ÉDITORIAL • Une politique de renvois forcés au détriment des réfugié·e·s

Samson Yemane •


En janvier dernier, le Secrétariat d’État aux migrations (SEM) a fait renvoyer par la force des réfugié·e·s éthiopien·ne·s dans leur pays d’origine. Pourtant cet État gouverné par Abiy Ahmed, Prix Nobel de la paix en 2019, traverse depuis novembre 2020, une guerre civile qui, contrairement au discours officiel des autorités éthiopiennes, est loin d’être terminée. En effet, ce conflit initialement politique s’est transformé en véritable guerre couverte à l’encontre des dirigeant·e·s de la province de Tigré. La stabilité du pays, ainsi que celle du reste de l’Afrique de l’Est en a été profondément mise à mal. Aujourd’hui, les organisations internationales et certaines ONG telles que l’Organisation suisse d’aide aux réfugiés (OSAR) et Amnesty International Suisse parlent actuellement de crimes contre l’humanité. Évidemment, le Premier ministre éthiopien, qui désire préserver son image, nie systématiquement toutes les accusations d’interventions politico-militaires.

Malgré ce contexte instable, les autorités migratoires suisses ont organisé un «vol spécial» qui déroge honteusement au principe de protection des réfugié·e·s. Au nom de quoi? De l’accord de réadmission signé en 2018 entre le gouvernement éthiopien et les États européens. Toutefois, le contexte dans lequel l’accord a été signé est totalement différent de la situation actuelle. Par conséquent, il est irresponsable d’appliquer cet accord juridique alors que l’Éthiopie vit une situation de guerre civile.
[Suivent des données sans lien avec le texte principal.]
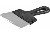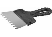 Благодаря зубчатой кромке шпатель идеально подходит для работы со строительными и клеевыми смесями, полотно из нержавеющей стали обеспечивает надежность и долгий срок службы, а удобная пластмассовая рукоятка создает условия для комфортной работы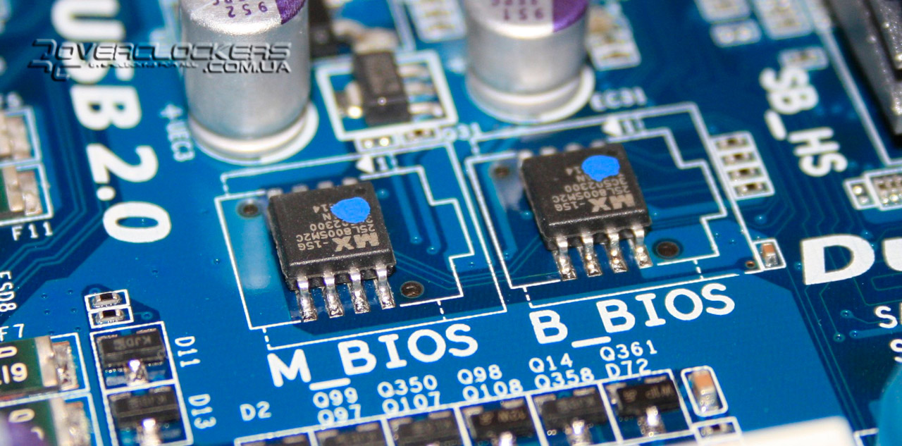 Также на Gigabyte GA-890GPA-UD3H размещены две микросхемы с микрокодом BIOS, обеспечивающие поддержку фирменной технологии Dual BIOS. В случае возникновения сбоя при попытке загрузки из основного чипа (Main BIOS), система автоматически переключается на резервный (Back Up BIOS).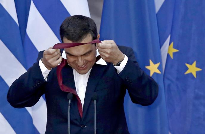 Grčki premijer Aleksis Cipras stavio je večeras kravatu prvi put od kada je došao na vlast pre više od tri godine, kako bi proslavio dogovor o kraju finansijske pomoći.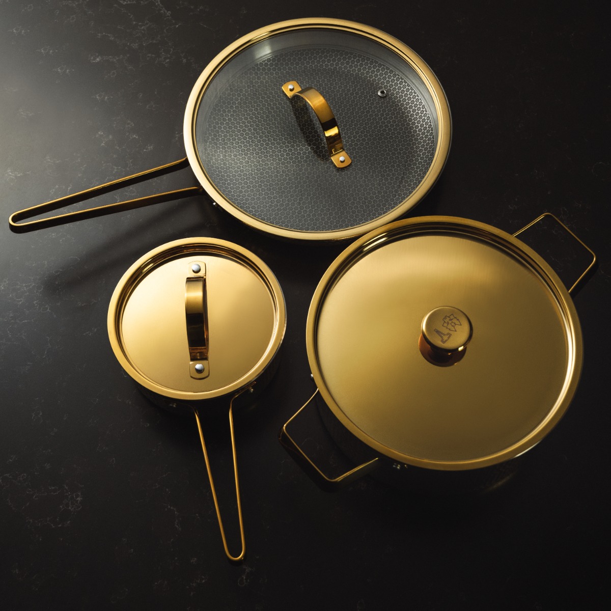 En välkommen återkomst. Set med kokkärl helt i mässinglackering. Ett unikt set av otrolig byggkvalitet i hållbara material och i Vargen & Thors ikoniska hamrade mönster på utsidan. Innehåller kastrullen ELIS, grytan MEYA samt stekpannan Modell Lb.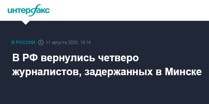 Москва. 11 августа. INTERFAX.RU - Четверо российских журналистов, задержанных в Минске в ходе освещения протестных акций в ночь на 10 августа, вернулись на родину, сообщило издание Daily Storm.

En d’autres termes, la Suisse a mis en danger ces exilé·e·s en les renvoyant, alors qu’elle savait que leur vie était fortement menacée. Ces décisions de renvoi ont été prises en violation totale de la Convention de 1951 relative aux droits des réfugiés, approuvée par l’Assemblée fédérale en 1954 et entrée en vigueur officiellement en 1955.

Selon moi, cet accord de renvoi s’avère être profondément problématique et sa légitimité devrait impérativement être (ré)questionnée. En effet, les autorités helvétiques devraient défendre une politique migratoire qui met au centre l’intérêt des réfugié·e·s, au lieu d’implémenter des politiques publiques sécuritaires et anti-migratoires. Ainsi, le SEM aurait dû entendre les voix des Éthiopien·ne·s craignant pour leur vie et devrait cesser tout renvoi. D’ailleurs, c’est précisément à travers cette logique humanitaire que l’OSAR a revendiqué par communiqué le 25 janvier 2021 «l’arrêt immédiat de tout renvoi forcé dans ce pays en crise».

Samson Yemane est Collaborateur de l’OSAR et Conseiller communal élu du PS Lausanne

Publié comme éditorial dans Pages de gauche n° 179 (printemps 2020).